Please click here to read the report.
Explore the opportunity and feasibility of establishing a “Made-in-Canada” hog price based on relevant indicators to better reflect the value of the Canadian carcass.
To determine the value of Canadian pork versus that of major competitors in Canada’s key export markets: United States, Mexico, Japan and China
To identify and quantify the factors that contribute to determining the value of Canadian pork in the four markets
- In most markets, the Canadian origin of pork products does not determine how buyers perceive their value.
- The main factors shaping product value are price, the brand and general quality specifications (ractopamine free for the Chinese market).
- The only market where the Canadian origin constitutes a differentiating factor is the Japanese market, resulting in an observable premium.
- One should note that the impact of the Canadian origin is compounded by the branding effort undertaken by Canadian packers.
- The premium value on the Japanese market is the result of the joint effort of all players across the Canadian pork value chain.
3. To propose a set of market indicators that could be used to develop a “Made-in-Canada” live hog price based on a carcass cutout
- The business structure of the pork industry has evolved
- Percentage of vertical integration (either corporate-owned or producer-owned) and contract production has increased
- This has resulted in a shrinking cash market for live hogs whose relevance is nowadays somewhat questionable.
- The use of a cutout-based price reference has spread.
- Unfortunately, in Canada, there is no transparency with respect to the value of the pork cutout because of a lack of market information.
- The price discovery process tends to reflect the prevailing business models.
- Going forward, a new model would not be able to be designed single-handedly by one set of actors within the value chain and pretend to maintain its relevance over time.

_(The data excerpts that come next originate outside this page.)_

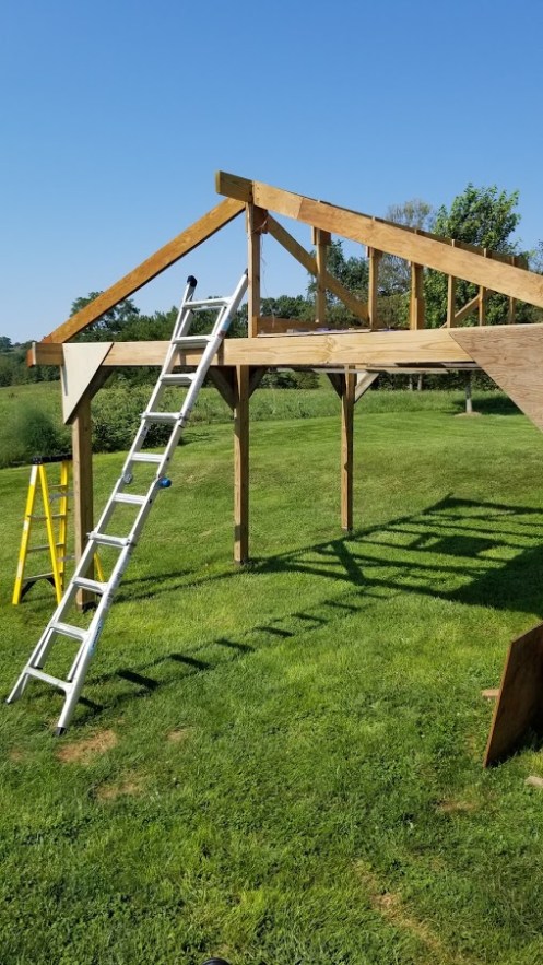 So I’m proud of myself too. Two mid-to-late 60-year-olds building a shed which we hope someone else will also eventually enjoy and use. Oh yeah, we paused for many months on this project after Stuart had his knee replacement surgery in early March. We also had lots of sore muscles, lots of arguments, lots of holding the ladders for each other so we wouldn’t fall.
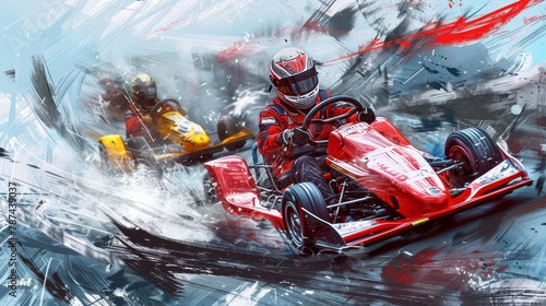 Fototapeta premium competitive gokart racing motorsports action scene digital illustration
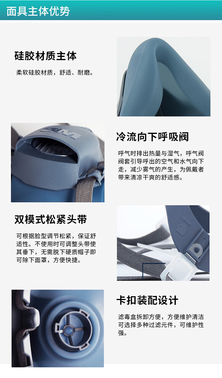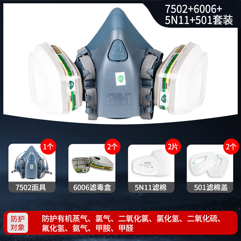 3M 7502硅胶防毒面具口罩 防尘防有机气体农药喷洒化工喷漆 7件套 含7502半面具1个+1对6006滤盒+1对501滤棉盖+2片5N11滤棉
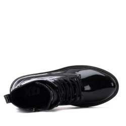 Botín de mujer estilo militar de la marca Xti, fabricado en material de charol, que le da un toque brillante y moderno. Cuenta con una cremallera interior para facilitar la puesta, brindando comodidad y rapidez al calzarse. Ideal para un look audaz y urbano con un toque de distinción. Este modelo ha obtenido el certificado vegano por la organización mundial PETA (Organización de los derechos de los animales).
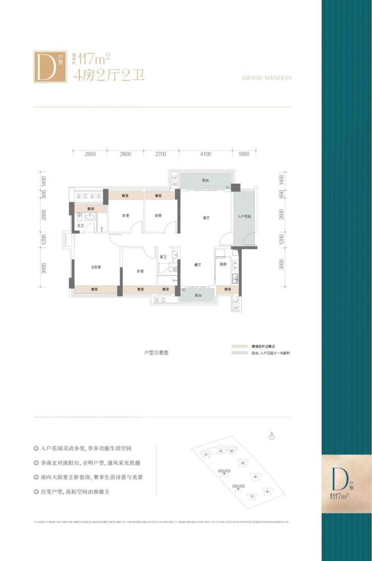 建面约117平,自带一个全赠送的入户花园,为生活释放更多想象。
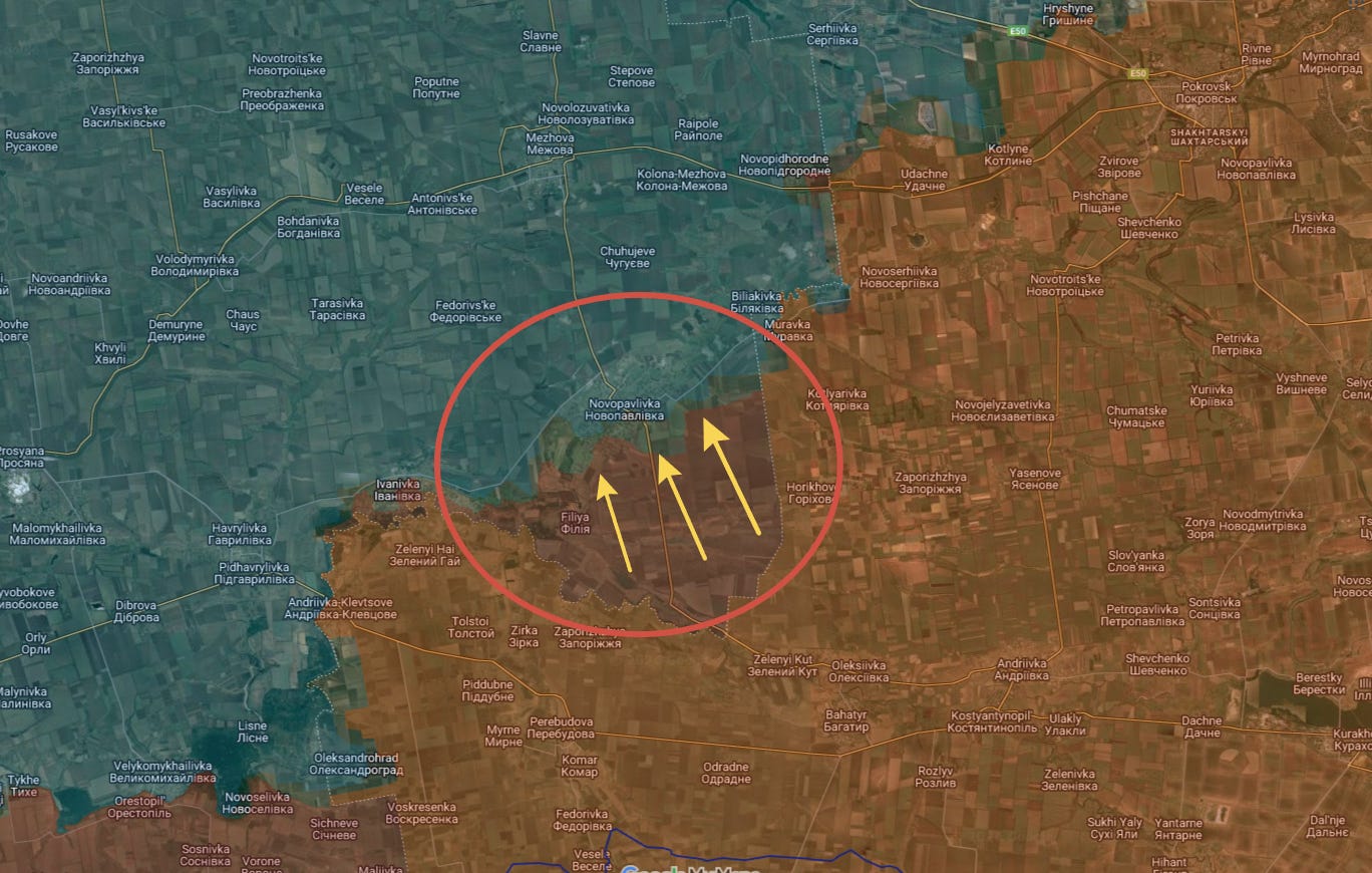 Moving further to the east, Russian forces captured most of the open area on Novopavlovka’s eastern and southern flank, seen below in the darker colored region under the yellow arrows:

- Considering the current structure of the Canadian pork industry, a “Made-in-Canada” live hog price reference model should rely on the following market indicators:
- A cutout reference price or a composite price reference-based both on a live hog and cutout-based carcass price reference
- A Canadian premium:
- Recognizing the premium enjoyed by Canadian products in the Japanese markets, eventually weighted by the exposure of the Canadian pork production to the Japanese markets
- Recognizing the effort made by producers to raise hogs without using ractopamine to allow access to diverse markets
- A conversion coefficient:
- Accounting for the exchange rate, as the price reference would be derived from US data
- Correcting for technical equivalency (metric conversion, carcass weight, average carcass index
Price Reference Options
1. Cut-out only reference price
- Value share corresponds to the percentage of the cutout that would be paid to the producer. This percentage would have to be determined
- Completely aligning the price of live hog with the American cutout
- Reducing market volatility
2. Composite Reference Price (weighted average)
- Reference price composed of a live hog reference and a cutout reference, weight to be attributed to each component would have to be determined
3. Composite Reference Price (live hog price with cutout window)
Reference price is based on a live hog reference with a floor and ceiling price based on a share of the cutout reference. This corresponds to the new Quebec Formula.
The value share would have to be determined for the floor and ceiling prices. Those values are respectively 90% and 100% in the Quebec Formula.